### LISTED RECORDS
——————————
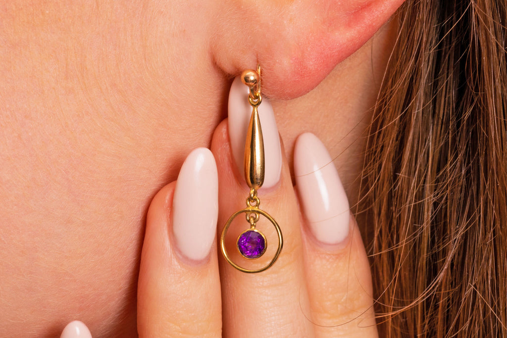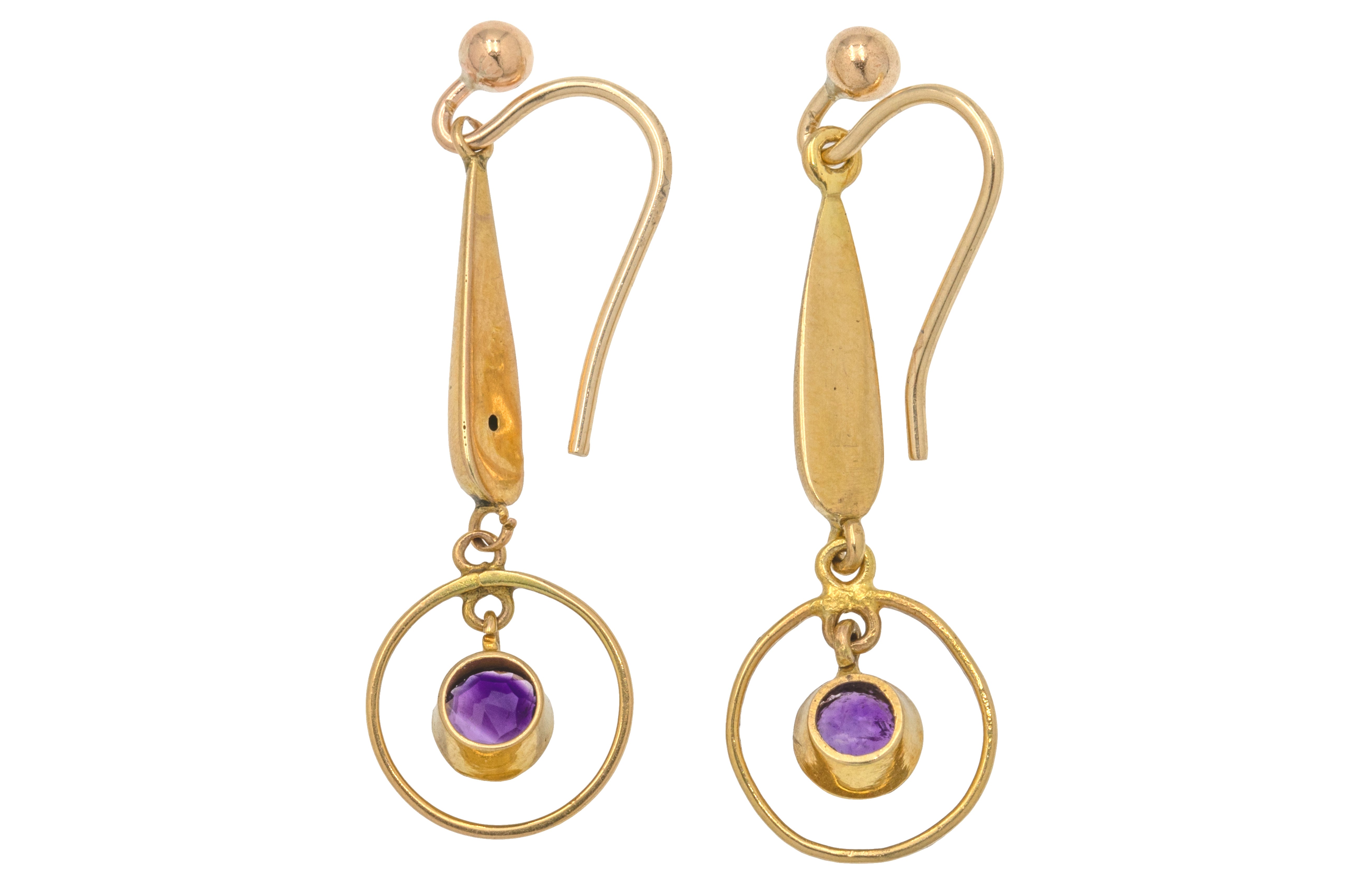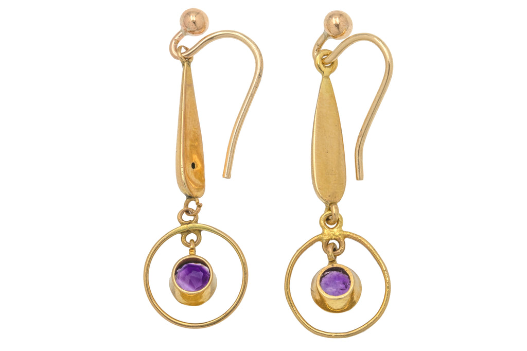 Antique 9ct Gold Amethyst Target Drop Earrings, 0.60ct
——————————
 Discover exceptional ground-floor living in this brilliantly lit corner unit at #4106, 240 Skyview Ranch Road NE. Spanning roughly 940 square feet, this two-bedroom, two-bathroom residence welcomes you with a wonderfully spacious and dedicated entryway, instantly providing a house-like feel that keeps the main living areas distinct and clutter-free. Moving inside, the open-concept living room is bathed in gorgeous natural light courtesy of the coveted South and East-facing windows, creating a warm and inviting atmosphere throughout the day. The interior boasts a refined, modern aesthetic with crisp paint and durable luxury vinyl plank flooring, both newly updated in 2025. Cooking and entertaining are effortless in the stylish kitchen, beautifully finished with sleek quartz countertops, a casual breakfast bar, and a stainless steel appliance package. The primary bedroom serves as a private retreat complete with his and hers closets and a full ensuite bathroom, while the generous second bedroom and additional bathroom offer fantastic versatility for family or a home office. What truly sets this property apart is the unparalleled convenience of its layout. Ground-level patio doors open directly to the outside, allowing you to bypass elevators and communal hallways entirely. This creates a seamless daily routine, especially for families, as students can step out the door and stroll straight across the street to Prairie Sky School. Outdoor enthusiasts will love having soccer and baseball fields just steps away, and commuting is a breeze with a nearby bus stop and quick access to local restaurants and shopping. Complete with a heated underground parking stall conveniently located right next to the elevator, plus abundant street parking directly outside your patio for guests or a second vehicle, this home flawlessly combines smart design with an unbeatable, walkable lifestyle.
——————————
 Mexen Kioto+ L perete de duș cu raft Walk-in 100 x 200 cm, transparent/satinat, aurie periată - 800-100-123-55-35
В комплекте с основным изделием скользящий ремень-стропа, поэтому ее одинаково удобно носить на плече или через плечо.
——————————
### DESCRIPTION OF THE TASK
Return, unchanged, the run of lines above that opens with the line containing "Mexen Kioto+ L" and closes with the line containing "В комплекте с". Include both.

### THE COMPLETED TASK
 Mexen Kioto+ L perete de duș cu raft Walk-in 100 x 200 cm, transparent/satinat, aurie periată - 800-100-123-55-35
В комплекте с основным изделием скользящий ремень-стропа, поэтому ее одинаково удобно носить на плече или через плечо.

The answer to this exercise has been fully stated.